What is needed is an exact copy of the records below, without the pictures.

Data items:
• • • •
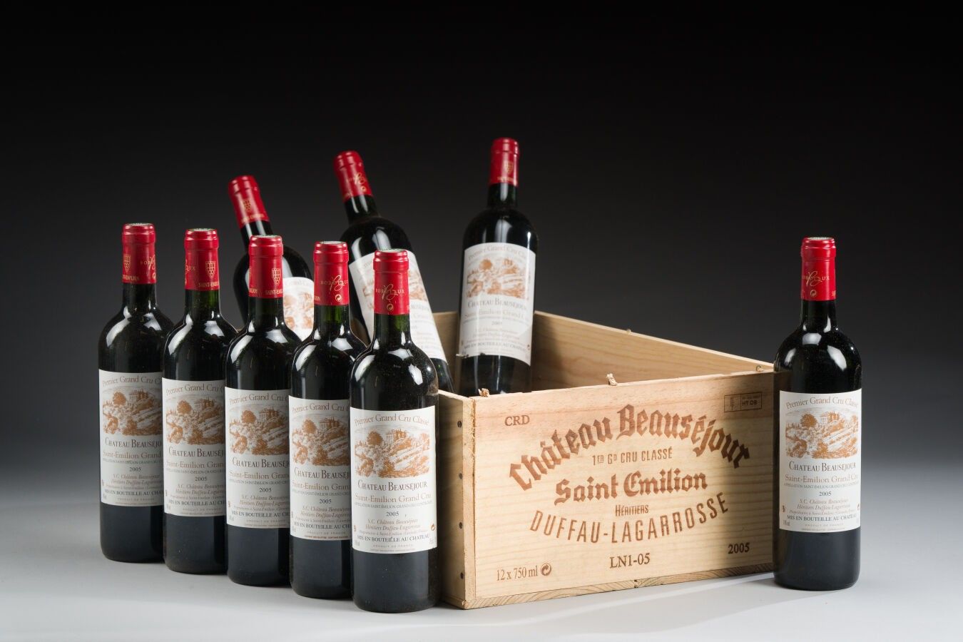 64. 12 bouteilles Château Beauséjour Duffau-Lagarrose, 2005. Dans une caisse en bois.
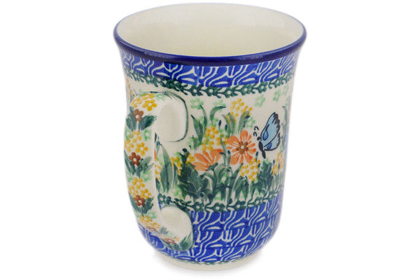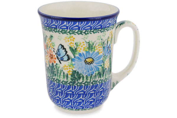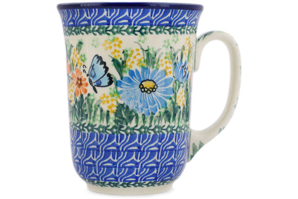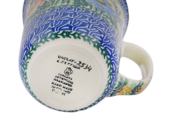This Polish pottery Mug is made by Ceramika Artystyczna workshop in Boleslawiec, Poland. Manufacturer item number H7978Q. It is 5" high and measures 5" by 4". The capacity of this Mug is 17.4 oz when filled to rim and it weighs 1.1 lbs. The pattern was designed by artist Krystyna Deptuła. It is part of the Butterfly Love Collection.
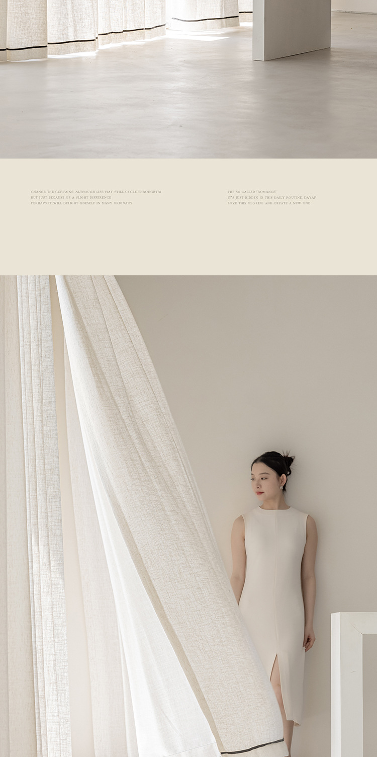 • 크림 과립 린넨 거즈 [단단 검정색 가장자리]
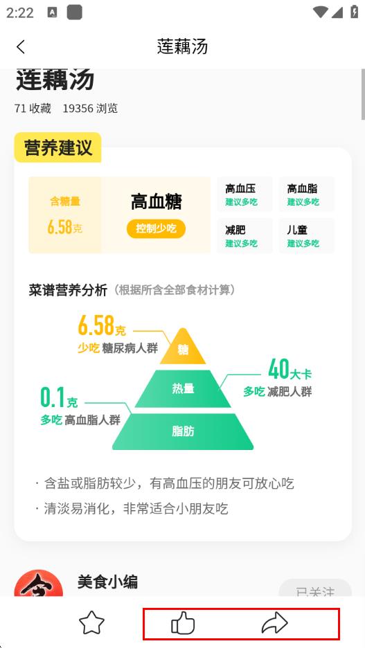 4、收藏成功后,在菜譜詳情頁(yè)能查看該菜譜針對(duì)不同人群的營(yíng)養(yǎng)建議等內(nèi)容,也可進(jìn)行點(diǎn)贊、分享等操作。
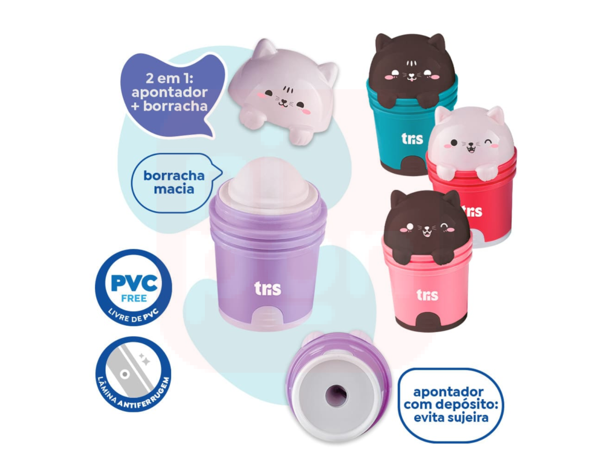 APONTADOR COM DEPÓSITO + BORRACHA KITTY – TRIS
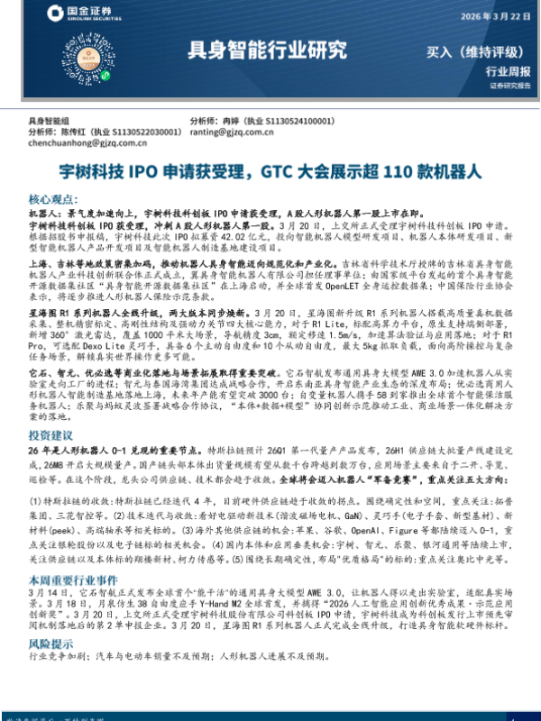 【国金证券】【202603】具身智能行业研究:宇树科技IPO申请获受理,GTC大会展示超110款机器人-13页 证券期货研究报告
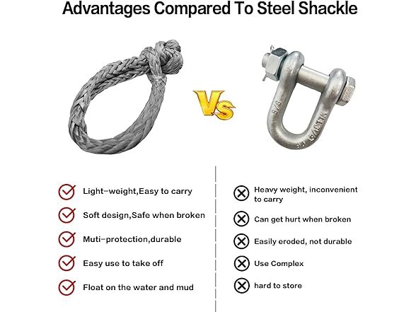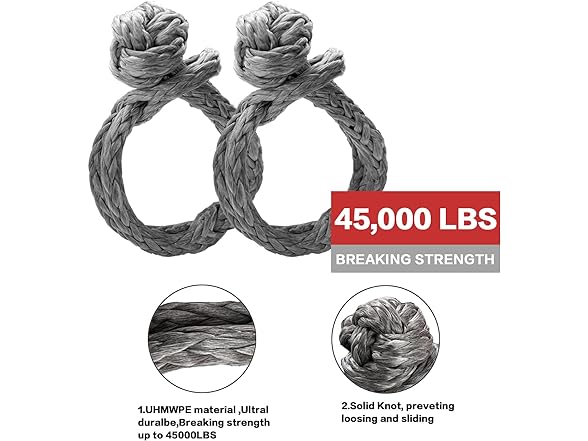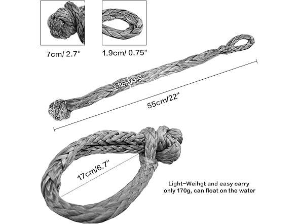 Aspligo- Soft Synthetic Shackle Recovery Kit 3/4Inch x 22inch 45000LBS Breaking Strength UHMWPE Soft Shackle Rope For ATV off-road Truck Jeep
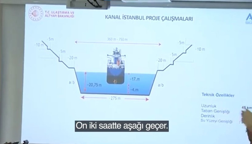 O bilgilerde kanalın derinliği, köprü viyadükleri ve büyüklükleri belirtildi.
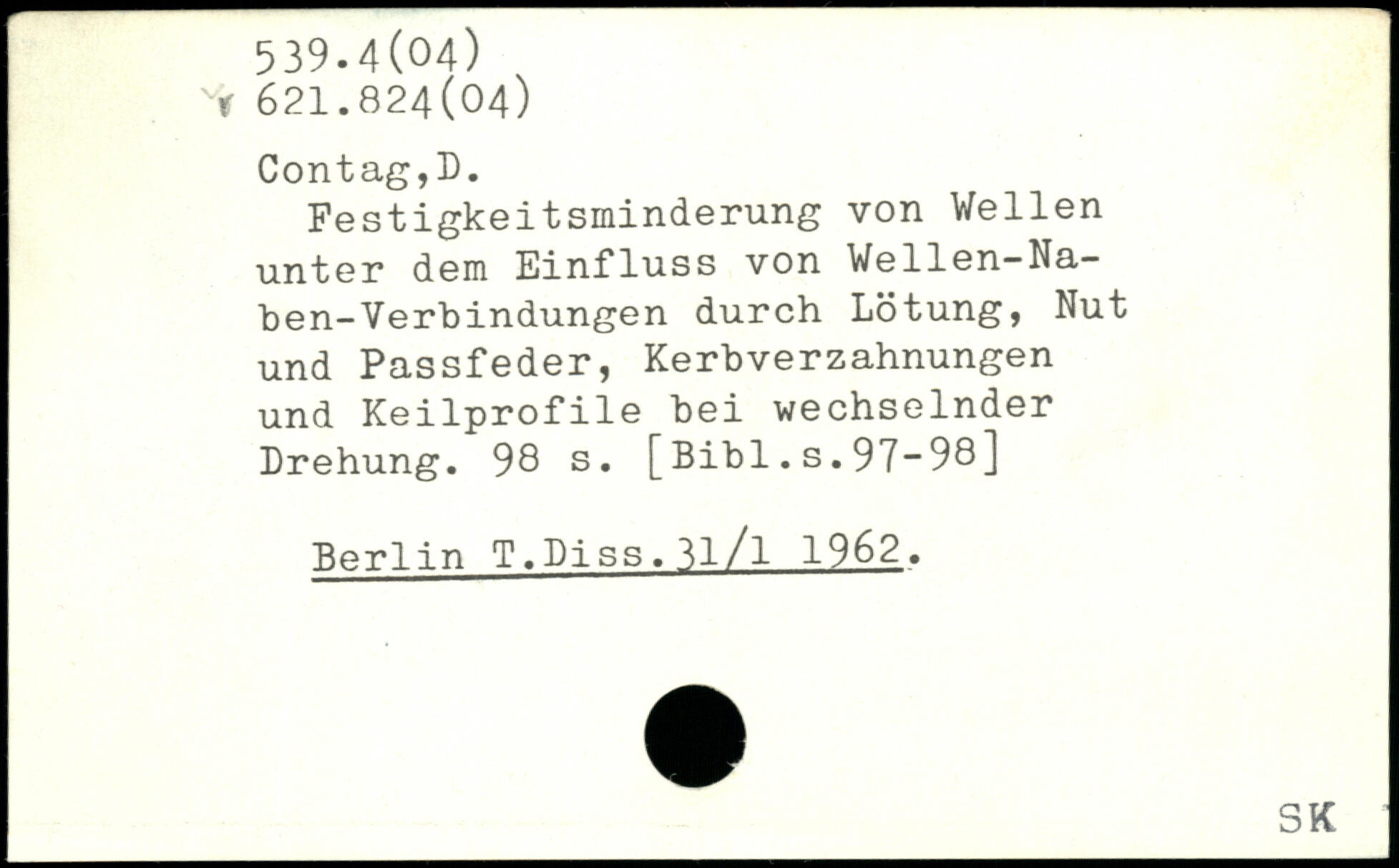 Festigkeitsminderung von Wellen unter dem Einfluss von Wellen-Na-ben-Verbindungen durch Lötung, Nut und Passfeder, Kerbverzahnungen und Keilprofile bei wechselnder Drehung.
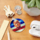 This design has a modern rendition of Donald Trump and a background of stars and stripes.
• • • •
__Your solution__
 64. 12 bouteilles Château Beauséjour Duffau-Lagarrose, 2005. Dans une caisse en bois.
This Polish pottery Mug is made by Ceramika Artystyczna workshop in Boleslawiec, Poland. Manufacturer item number H7978Q. It is 5" high and measures 5" by 4". The capacity of this Mug is 17.4 oz when filled to rim and it weighs 1.1 lbs. The pattern was designed by artist Krystyna Deptuła. It is part of the Butterfly Love Collection.
 • 크림 과립 린넨 거즈 [단단 검정색 가장자리]
 4、收藏成功后,在菜譜詳情頁(yè)能查看該菜譜針對(duì)不同人群的營(yíng)養(yǎng)建議等內(nèi)容,也可進(jìn)行點(diǎn)贊、分享等操作。
 APONTADOR COM DEPÓSITO + BORRACHA KITTY – TRIS
 【国金证券】【202603】具身智能行业研究:宇树科技IPO申请获受理,GTC大会展示超110款机器人-13页 证券期货研究报告
 Aspligo- Soft Synthetic Shackle Recovery Kit 3/4Inch x 22inch 45000LBS Breaking Strength UHMWPE Soft Shackle Rope For ATV off-road Truck Jeep
 O bilgilerde kanalın derinliği, köprü viyadükleri ve büyüklükleri belirtildi.
 Festigkeitsminderung von Wellen unter dem Einfluss von Wellen-Na-ben-Verbindungen durch Lötung, Nut und Passfeder, Kerbverzahnungen und Keilprofile bei wechselnder Drehung.
 This design has a modern rendition of Donald Trump and a background of stars and stripes.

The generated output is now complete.